Joe Rogan Endorsed Trump in 2024 but Is Now Condemning His Deportation Policies
Joe Rogan endorsed Donald Trump, but he's not down with the deportation of innocents.
Published April 3 2025, 2:57 p.m. ET

The Trump administration is moving forward with force on a variety of different policies that Trump discussed during the campaign. While stock brokers continue to freak out over his tariffs, news of his deportation policies has also begun to make waves.
One person who seems to be quite upset by the mass deportation policy is Joe Rogan, one of the most famous and popular podcasters on the planet. Rogan endorsed Trump during the 2024 election, but many want to know what he's said about the president more recently. Here's what we know.

Why did Joe Rogan break with Trump?
On an episode of The Joe Rogan Experience released on March 30, Rogan referred to the Trump administration's recent deportation operations as "horrific."
“You got to get scared that people who are not criminals are getting, like, lassoed up and deported and sent to, like, El Salvador prisons,” he explained.
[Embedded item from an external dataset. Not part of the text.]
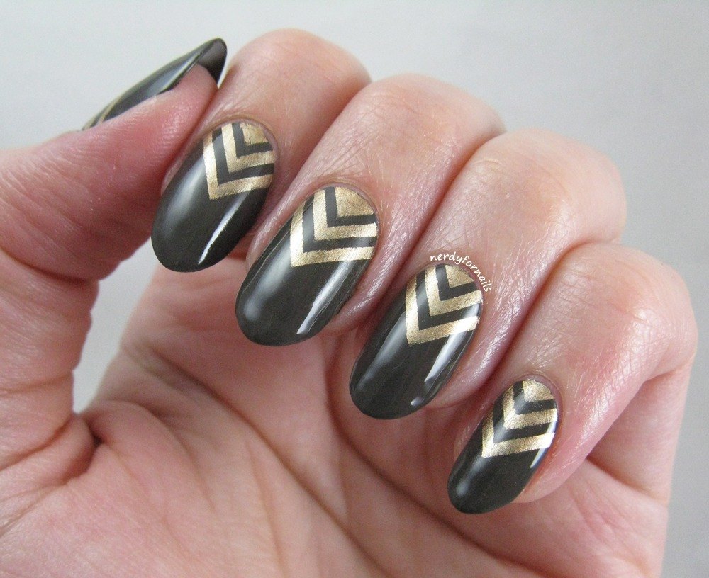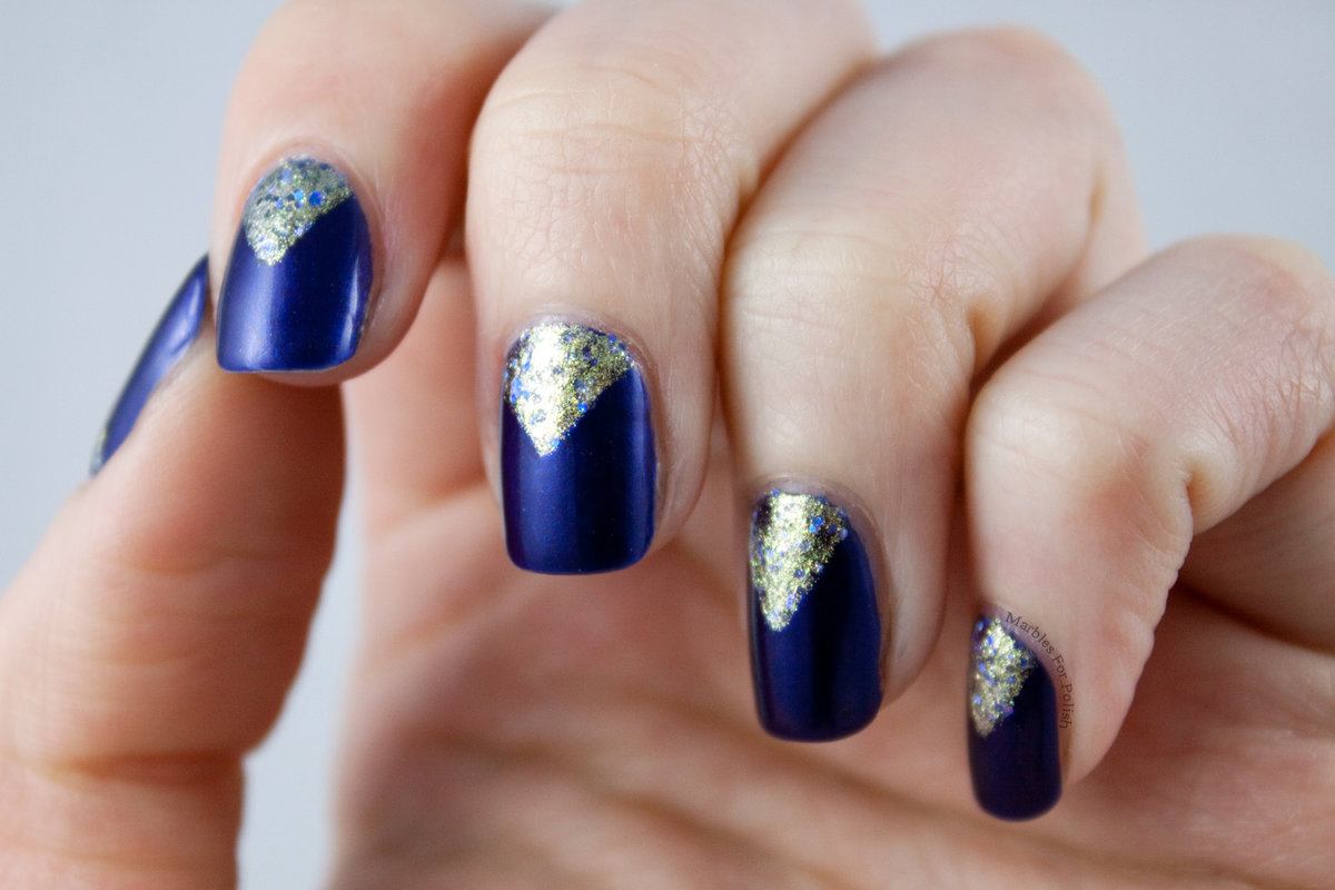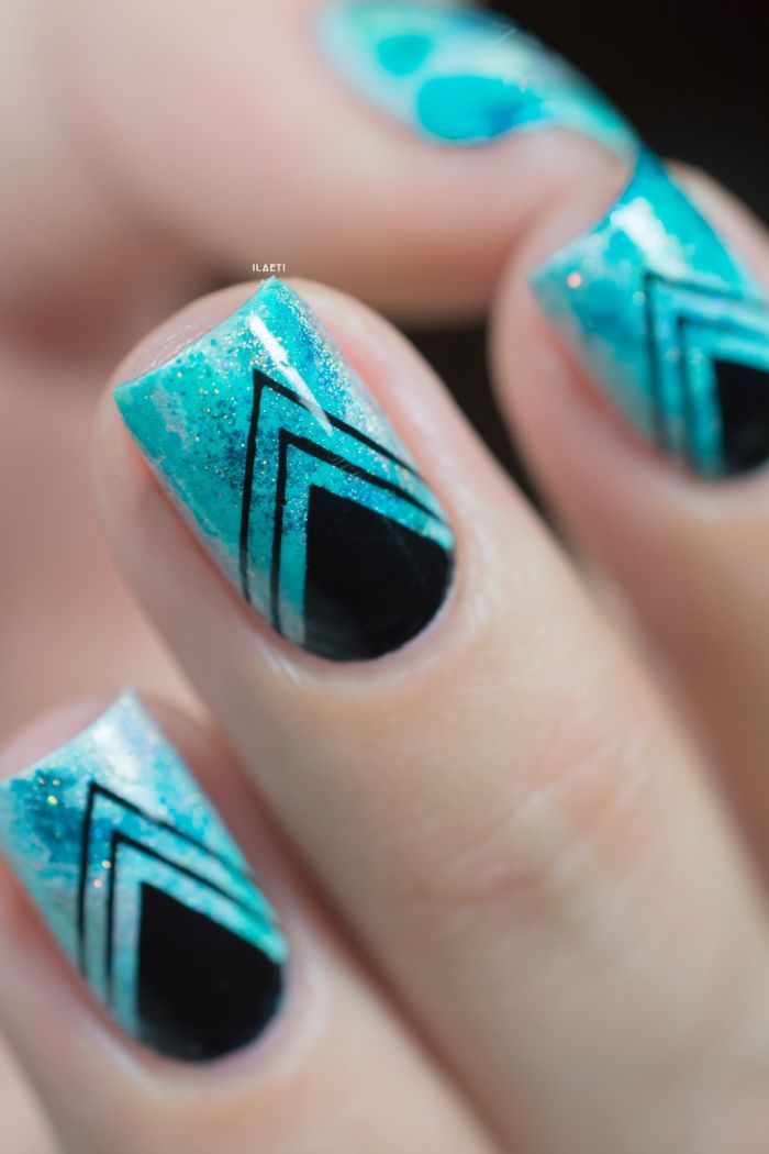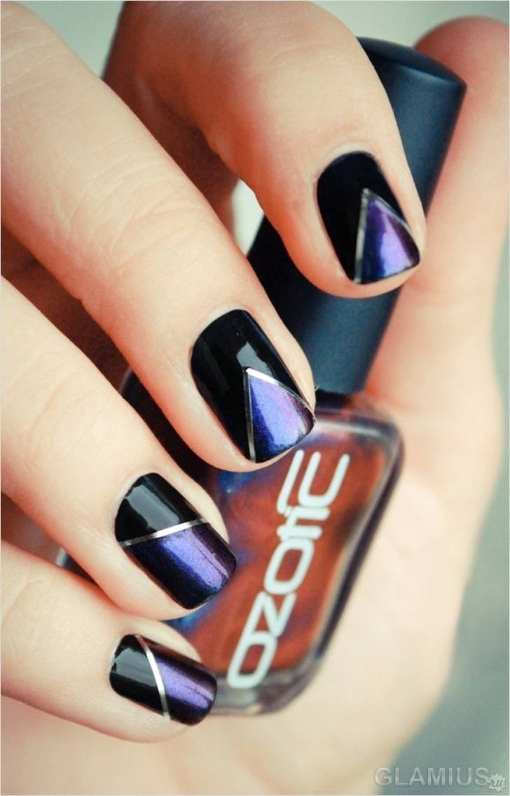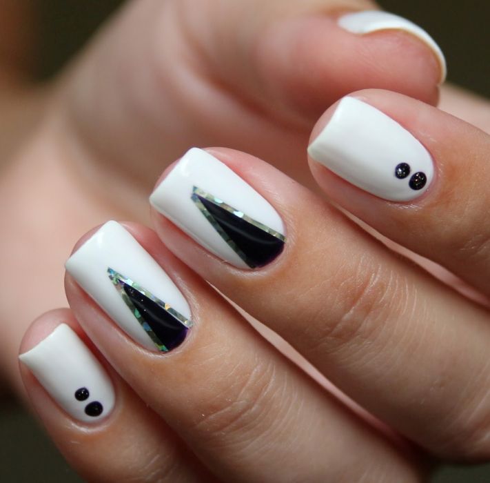 De plus en plus, une variété de décor de feuilles est utilisée pour concevoir une manucure triangulaire. Ce peut être un ruban adhésif, kamifubuki, "verre brisé" et bien plus encore. Chacune des options proposées crée un effet complètement différent. Par conséquent, avant de vous rendre chez le maître, nous vous recommandons d’examiner attentivement votre image et de décider du design.

Specifically, Rogan discussed the deportation of Andry José Hernández Romero, a makeup artist and hairdresser from Venezuela who was seeking asylum in the U.S.
Romero was deported to El Salvador in March after the Trump administration suggested that he belonged to the Venezuelan gang Tren de Aragua. As evidence, they cited his tattoos, which include a pair of crowns on his wrists that read "mom" and "dad."
Rogan suggested that deporting people who had done nothing wrong and taking them to a country that is not where they came from is counterproductive.
“That’s bad for the cause,” Rogan said. “The cause is, ‘Let’s get the gang members out,’ everybody agrees. But let’s not [let] innocent gay hairdressers get lumped up with the gangs, and then, like, how long before that guy can get out? Can we figure out how to get him out? Is there any plan in place to alert the authorities they’ve made a horrible mistake and correct it?”
Romero was one of 200 people who were deported after Trump invoked the Alien Enemies Act, a 1798 law that had only been used in wartime before.
While Rogan has always prided himself on being a free thinker, this kind of break could suggest that there are cracks starting to form in the coalition that helped to elect Trump as president.
While immigration has tended to be favorable terrain for Trump, these stories of innocent people being swept up in raids and deported have left many questioning whether Trump and his team care that much about who they're grabbing as they execute their deportation policies. When anyone with tattoos who wasn't born here can be sent to a prison in El Salvador, it suddenly seems like anyone at all could be taken for any reason.
Rogan has been hugely sympathetic to Trump's broader goals. It's telling, then, that even he doesn't think the ends will justify the means in this case, meaning that even though he might want gang members taken, he doesn't necessarily think America should be the kind of country that just randomly grabs people off the street.